Recorded data:
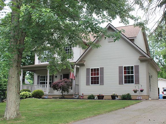 Home has a open kitchen that looks into dining area & family room, Large walk in closet for storage off family room, gas fireplace. Half bath & access to partially finished Basement & Awesome home office with outside access. 2 story foyer leads to Living room and beautiful oak staircase to the second floor. Second floor offers a vaulted ceilings master suite with jetted garden tub, separate shower 2 sinks. Walk in closet. Two other bedrooms, 1 bath. Laundry room next to bedroom. Main Floor home office is 22 X 20. Garage has room for 2 cars and we extended the back for work bench. Man Shed with electric was built behind garage 2 more sheds at rear of property to store garden/yard tools. Lot is 60 Frontage and 300 deep. Half or the back yard is fenced in for pets / garden
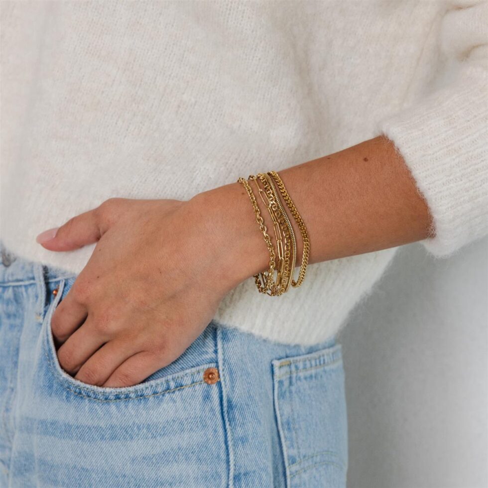 Verhef je stijl met de Fusion-armband, een schitterend stuk dat elegantie mengt met gedurfdheid. Gemaakt van verfijnde kettingen, maakt deze armband een opvallende statement terwijl hij een verfijnde uitstraling behoudt.
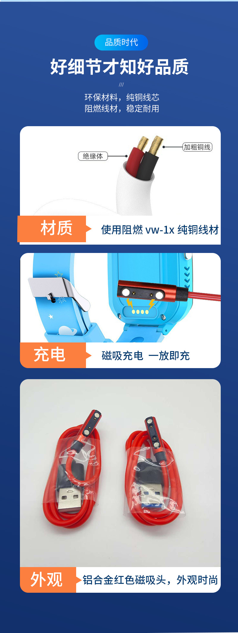 Подходит для зарядного устройства Lenovo Kidsren's Phone Watch Laiku Kidsren's Watch браслет универсальный магнитный провод 7.62mm
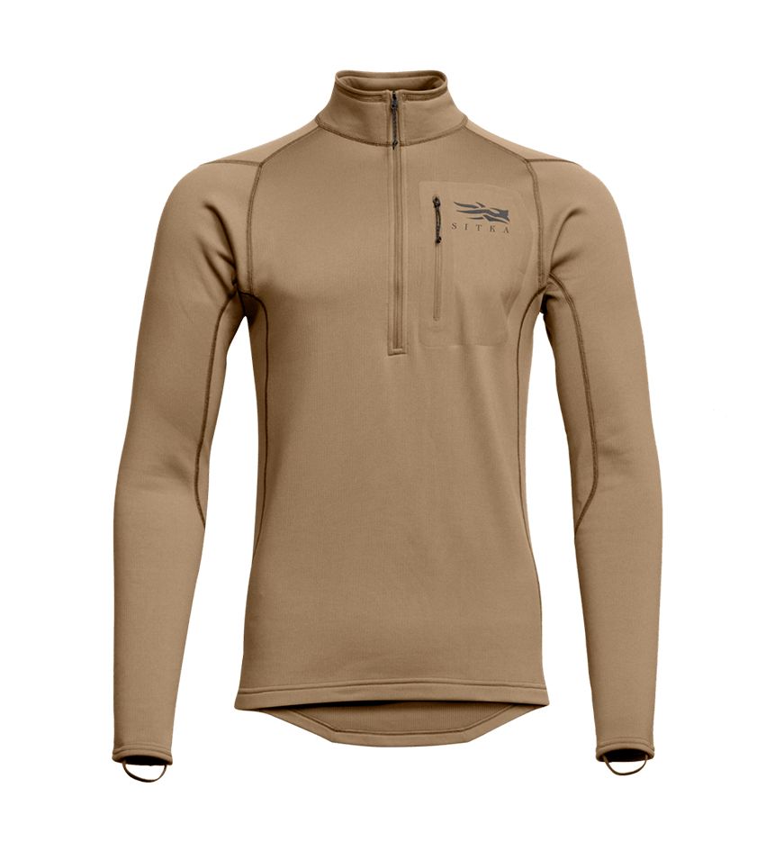 Das SITKA Core Midweight Zip-T ist das mittelstark isolierte Shirt. Es ist mit einem bis zur Brust reichenden Reissverschluss und leicht erhöhtem Rundhalsausschnitt versehen. Das Midweight Zip-T kann sowohl einzeln als auch als Unterziehshirt in Kombination mit weiteren Schichten direkt auf der Haut getragen werden.

Your goal: If you see a picture in the listing, skip it while copying everything else exactly.

Result of this task:
 Home has a open kitchen that looks into dining area & family room, Large walk in closet for storage off family room, gas fireplace. Half bath & access to partially finished Basement & Awesome home office with outside access. 2 story foyer leads to Living room and beautiful oak staircase to the second floor. Second floor offers a vaulted ceilings master suite with jetted garden tub, separate shower 2 sinks. Walk in closet. Two other bedrooms, 1 bath. Laundry room next to bedroom. Main Floor home office is 22 X 20. Garage has room for 2 cars and we extended the back for work bench. Man Shed with electric was built behind garage 2 more sheds at rear of property to store garden/yard tools. Lot is 60 Frontage and 300 deep. Half or the back yard is fenced in for pets / garden
 Verhef je stijl met de Fusion-armband, een schitterend stuk dat elegantie mengt met gedurfdheid. Gemaakt van verfijnde kettingen, maakt deze armband een opvallende statement terwijl hij een verfijnde uitstraling behoudt.
 Подходит для зарядного устройства Lenovo Kidsren's Phone Watch Laiku Kidsren's Watch браслет универсальный магнитный провод 7.62mm
 Das SITKA Core Midweight Zip-T ist das mittelstark isolierte Shirt. Es ist mit einem bis zur Brust reichenden Reissverschluss und leicht erhöhtem Rundhalsausschnitt versehen. Das Midweight Zip-T kann sowohl einzeln als auch als Unterziehshirt in Kombination mit weiteren Schichten direkt auf der Haut getragen werden.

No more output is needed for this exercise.